2001-11-27 13:20:25

by Maneesh Soni

[permalink] [raw]
Subject: smp_call_function & BH handlers

Hi,

Why is it ok to call smp_call_function from bottom half handlers? This
could lead to deadlock in the way which we encounterd. (tried on 2.4.14 kernel)

CPU 0 CPU 1
----- -----
schedule() do_fork
read_lock(&tasklist_lock) spinning for write_lock_irq(&tasklist_lock)
.
.
.
interrupted by a timer handler
calls smp_call_function()
waiting for response from CPU 1

IMO this looks like a genereic problem and not specific to tasklist_lock and can
happen with other locks also. The solution for the above problem can be

(1) Do not use smp_call_function even from bottom half handlers.
(2) Enabling interrupts if CPU has to spin due to xxx_lock_irq() and disabling
them when the CPU gets the lock.

Though the deadlock we faced doesnot occur, using read_lock_irq(&tasklist_lock)
in schedule().

The comments above smp_call_function() also say that it can return negative
status code upon failure. But it doesnot do that and keep waiting for response
from other cpus. Why is it necessary to wait for response if we specify nowait
in the parameter?

I hope I have not missed anything here.

Thanks
Maneesh

--
Maneesh Soni
IBM Linux Technology Center,
IBM India Software Lab, Bangalore.
Phone: +91-80-5044999 email: [email protected]
http://lse.sourceforge.net/locking/rcupdate.html



2001-11-27 13:31:56

by Ingo Molnar

[permalink] [raw]
Subject: Re: smp_call_function & BH handlers


On Tue, 27 Nov 2001, Maneesh Soni wrote:

> Why is it ok to call smp_call_function from bottom half handlers? [...]

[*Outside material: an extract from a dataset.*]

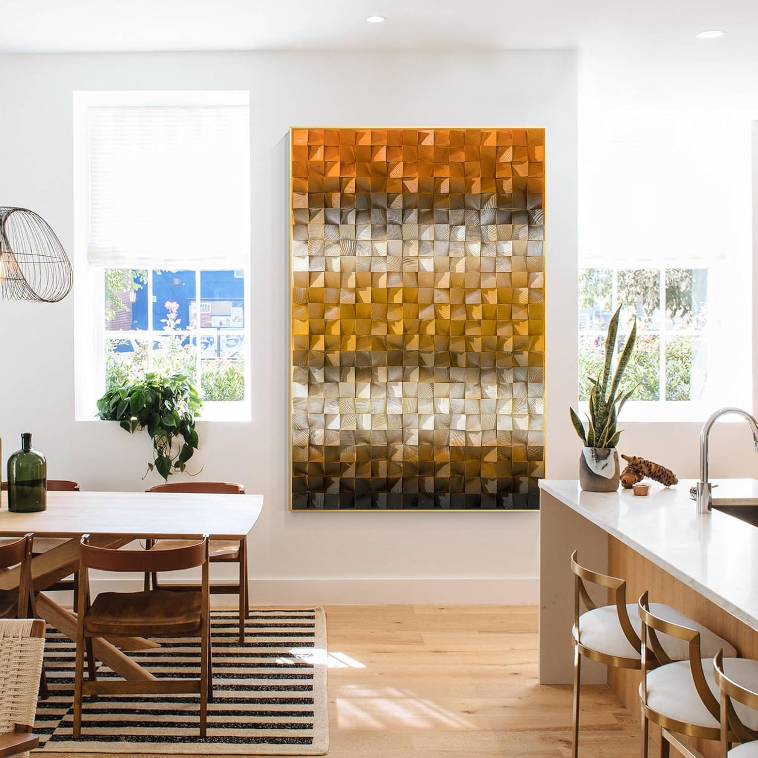 Crafted from high-quality wood, this mosaic wall art is designed to be both durable and visually striking. Each piece of wood is carefully selected and arranged to create a harmonious blend of colors and textures, resulting in a unique and captivating artwork. The natural wood grain adds an organic touch, enhancing the overall aesthetic and making it a perfect addition to any decor style, from modern to rustic.

which part of the kernel is calling smp_call_function() from bh contexts?

Ingo

2001-11-27 16:22:09

by Maneesh Soni

[permalink] [raw]
Subject: Re: smp_call_function & BH handlers

On Tue, Nov 27, 2001 at 04:28:49PM +0100, Ingo Molnar wrote:
>
> On Tue, 27 Nov 2001, Maneesh Soni wrote:
>
> > Why is it ok to call smp_call_function from bottom half handlers? [...]
>
> which part of the kernel is calling smp_call_function() from bh contexts?
>
> Ingo

I am working with Dipankar on Read-Copy Update, and experimenting with
smp_call_function(). We believed the comments for this routine and faced
this problem. That's why this question came. I have not yet searched
kernel sources for such places hence not sure whether there are really such
places or not.

Maneesh

--
Maneesh Soni
IBM Linux Technology Center,
IBM India Software Lab, Bangalore.
Phone: +91-80-5044999 email: [email protected]
http://lse.sourceforge.net/locking/rcupdate.html

2001-11-27 16:41:11

by Ingo Molnar

[permalink] [raw]
Subject: Re: smp_call_function & BH handlers


On Tue, 27 Nov 2001, Maneesh Soni wrote:

> I am working with Dipankar on Read-Copy Update, and experimenting with
> smp_call_function(). We believed the comments for this routine and
> faced this problem. That's why this question came. I have not yet
> searched kernel sources for such places hence not sure whether there
> are really such places or not.

we had similar lockup problems before, eg. TLB flushes initiated from
IRQ/BH contexts - which is illegal now. Generally it's not safe to assume
that every CPU is responsive to synchronous events triggered from IRQ/BH
contexts. Every read_lock user is prone to this problem.

Ingo

2001-11-27 19:25:57

by Dipankar Sarma

[permalink] [raw]
Subject: Re: smp_call_function & BH handlers


In article <[email protected]> Ingo Molnar wrote:

> On Tue, 27 Nov 2001, Maneesh Soni wrote:

>> I am working with Dipankar on Read-Copy Update, and experimenting with
>> smp_call_function(). We believed the comments for this routine and
>> faced this problem. That's why this question came. I have not yet
>> searched kernel sources for such places hence not sure whether there
>> are really such places or not.

> we had similar lockup problems before, eg. TLB flushes initiated from
> IRQ/BH contexts - which is illegal now. Generally it's not safe to assume
> that every CPU is responsive to synchronous events triggered from IRQ/BH
> contexts. Every read_lock user is prone to this problem.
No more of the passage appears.